Since 2013, Kentucky has required companies to pay into a single bond pool through what essentially serves as a tax on a certain acreage or tonnage of coal. But the difference between the liabilities that were left behind and the trust fund that the state created in 2013 has increased significantly.
John Mura, spokesman for the Kentucky Energy and Environment Cabinet, said by email that the state agency was “engaged at this time to organize cabinet assistance” to affected areas and declined to comment further.
About 408,000 Kentuckians live within a mile of abandoned mining land, the Ohio River Valley Institute regional think tank estimated last year, and it will cost nearly $1.2 billion to fix it. In 2020, the Kentucky fund had about $52 million available, according to a state report.

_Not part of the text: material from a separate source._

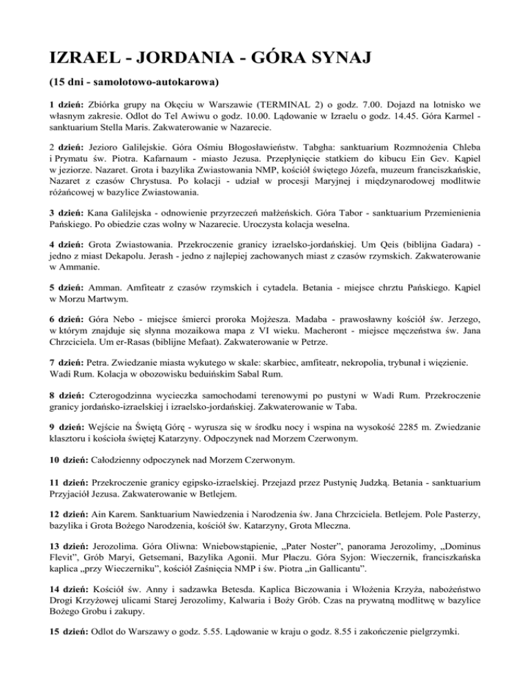 IZRAEL - JORDANIA - GÓRA SYNAJ (15 dni - samolotowo-autokarowa) 1 dzień: Zbiórka grupy na Okęciu w Warszawie (TERMINAL 2) o godz. 7.00. Dojazd na lotnisko we własnym zakresie. Odlot do Tel Awiwu o godz. 10.00. Lądowanie w Izraelu o godz. 14.45. Góra Karmel sanktuarium Stella Maris. Zakwaterowanie w Nazarecie. 2 dzień: Jezioro Galilejskie. Góra Ośmiu Błogosławieństw. Tabgha: sanktuarium RozmnoŜenia Chleba i Prymatu św. Piotra. Kafarnaum - miasto Jezusa. Przepłynięcie statkiem do kibucu Ein Gev. Kąpiel w jeziorze. Nazaret. Grota i bazylika Zwiastowania NMP, kościół świętego Józefa, muzeum franciszkańskie, Nazaret z czasów Chrystusa. Po kolacji - udział w procesji Maryjnej i międzynarodowej modlitwie róŜańcowej w bazylice Zwiastowania. 3 dzień: Kana Galilejska - odnowienie przyrzeczeń małŜeńskich. Góra Tabor - sanktuarium Przemienienia Pańskiego. Po obiedzie czas wolny w Nazarecie. Uroczysta kolacja weselna. 4 dzień: Grota Zwiastowania. Przekroczenie granicy izraelsko-jordańskiej. Um Qeis (biblijna Gadara) jedno z miast Dekapolu. Jerash - jedno z najlepiej zachowanych miast z czasów rzymskich. Zakwaterowanie w Ammanie. 5 dzień: Amman. Amfiteatr z czasów rzymskich i cytadela. Betania - miejsce chrztu Pańskiego. Kąpiel w Morzu Martwym. 6 dzień: Góra Nebo - miejsce śmierci proroka MojŜesza. Madaba - prawosławny kościół św. Jerzego, w którym znajduje się słynna mozaikowa mapa z VI wieku. Macheront - miejsce męczeństwa św. Jana Chrzciciela. Um er-Rasas (biblijne Mefaat). Zakwaterowanie w Petrze. 7 dzień: Petra. Zwiedzanie miasta wykutego w skale: skarbiec, amfiteatr, nekropolia, trybunał i więzienie. Wadi Rum. Kolacja w obozowisku beduińskim Sabal Rum. 8 dzień: Czterogodzinna wycieczka samochodami terenowymi po pustyni w Wadi Rum. Przekroczenie granicy jordańsko-izraelskiej i izraelsko-jordańskiej. Zakwaterowanie w Taba. 9 dzień: Wejście na Świętą Górę - wyrusza się w środku nocy i wspina na wysokość 2285 m. Zwiedzanie klasztoru i kościoła świętej Katarzyny. Odpoczynek nad Morzem Czerwonym. 10 dzień: Całodzienny odpoczynek nad Morzem Czerwonym. 11 dzień: Przekroczenie granicy egipsko-izraelskiej. Przejazd przez Pustynię Judzką. Betania - sanktuarium Przyjaciół Jezusa. Zakwaterowanie w Betlejem. 12 dzień: Ain Karem. Sanktuarium Nawiedzenia i Narodzenia św. Jana Chrzciciela. Betlejem. Pole Pasterzy, bazylika i Grota BoŜego Narodzenia, kościół św. Katarzyny, Grota Mleczna. 13 dzień: Jerozolima. Góra Oliwna: Wniebowstąpienie, „Pater Noster”, panorama Jerozolimy, „Dominus Flevit”, Grób Maryi, Getsemani, Bazylika Agonii. Mur Płaczu. Góra Syjon: Wieczernik, franciszkańska kaplica „przy Wieczerniku”, kościół Zaśnięcia NMP i św. Piotra „in Gallicantu”. 14 dzień: Kościół św. Anny i sadzawka Betesda. Kaplica Biczowania i WłoŜenia KrzyŜa, naboŜeństwo Drogi KrzyŜowej ulicami Starej Jerozolimy, Kalwaria i BoŜy Grób. Czas na prywatną modlitwę w bazylice BoŜego Grobu i zakupy. 15 dzień: Odlot do Warszawy o godz. 5.55. Lądowanie w kraju o godz. 8.55 i zakończenie pielgrzymki. ♦ Codziennie odprawiana jest Msza święta ♦ Organizatorzy zastrzegają sobie moŜliwość zmian w programie ♦ Przewodnikiem grupy w Izraelu jest Ks. Emil Furtak, zaś w Egipcie i Jordanii oprowadza miejscowy przewodnik ♦ Kapłani zabierają albę i białą stułę TERMIN PIELGRZYMKI 2-16 lipca 2010 roku CENA PIELGRZYMKI 2050 zł i 1610 USD (dopłata za pokój jednoosobowy wynosi 450 USD) Osoby, które ukończyły 65 rok Ŝycia oraz przewlekle chore zobowiązane są do wykupienia dodatkowego ubezpieczenia, którego koszt wynosi 300 zł ORGANIZATORZY ZAPEWNIAJĄ □ □ □ □ □ □ □ przelot samolotem na trasie Warszawa-Tel Awiw i Tel Awiw-Warszawa pełne wyŜywienie (śniadanie, obiad [wyjątek 10 dzień] i kolacja) zakwaterowanie w hotelach (pokoje 2 lub 3 osobowe z łazienką) autokar do dyspozycji grupy, przewodnik po miejscach świętych wszystkie bilety wstępu, taksówka na Górę Tabor, statek po Jeziorze Galilejskim opłaty przekroczenia granic oraz wiza egipska i jordańska ubezpieczenie, mapa i przewodnik-śpiewnik, znak grupy, certyfikat pielgrzyma B L I ś S Z E I N F O R M A C J E Parafia pw. Narodzenia NMP w Płokach Płoki, ul. Główna , 32-543 Myślachowice tel./fax: 032-6137163 oraz Fundacja Komisariat Ziemi Świętej ul. Reformacka 4, 31-012 Kraków tel./fax 012-421-68-06; 012-422-79-84 www. terrasancta.pl e-mail: [email protected] biuro czynne: od poniedziałku do piątku 900-1645 (środa jest dniem bez stron)

Kentucky has spent just over $1.5 million of its rehabilitation fund, according to the 2022 executive budget. President Joe Biden, who has committed $11.3 billion to rehabilitating abandoned mines over the next 15 years. Last year, the state received $9 million from the federal government.
The new sum is huge, but “it’s just a drop in the ocean” to meet the needs of Appalachian communities, said Sarah Surber, a public health professor at Wayne State University, who has studied environmental justice issues in the region and practiced law there. for over a decade.
“How do you prioritize [the funding]?”, she said. “There are so many that have been left abandoned or remain in limbo, you have predicted more coal mining company bankruptcies, so how do you decide which mines will be recovered and what does this mean for communities and their protection in terms of pollution and flooding issues? »
Kevin Thompson, an attorney whose work has drawn national attention for challenging powerful coal CEO Don Blankenship, said footage he saw of Kentucky last week gave him flashbacks to the King case. Coal from 2009 that he worked on in West Virginia and the photographs he took of the days after the flood that occurred there.
That case pitted 20 low-income families against four powerful corporations that Thompson said were responsible for two floods that swept away people’s homes.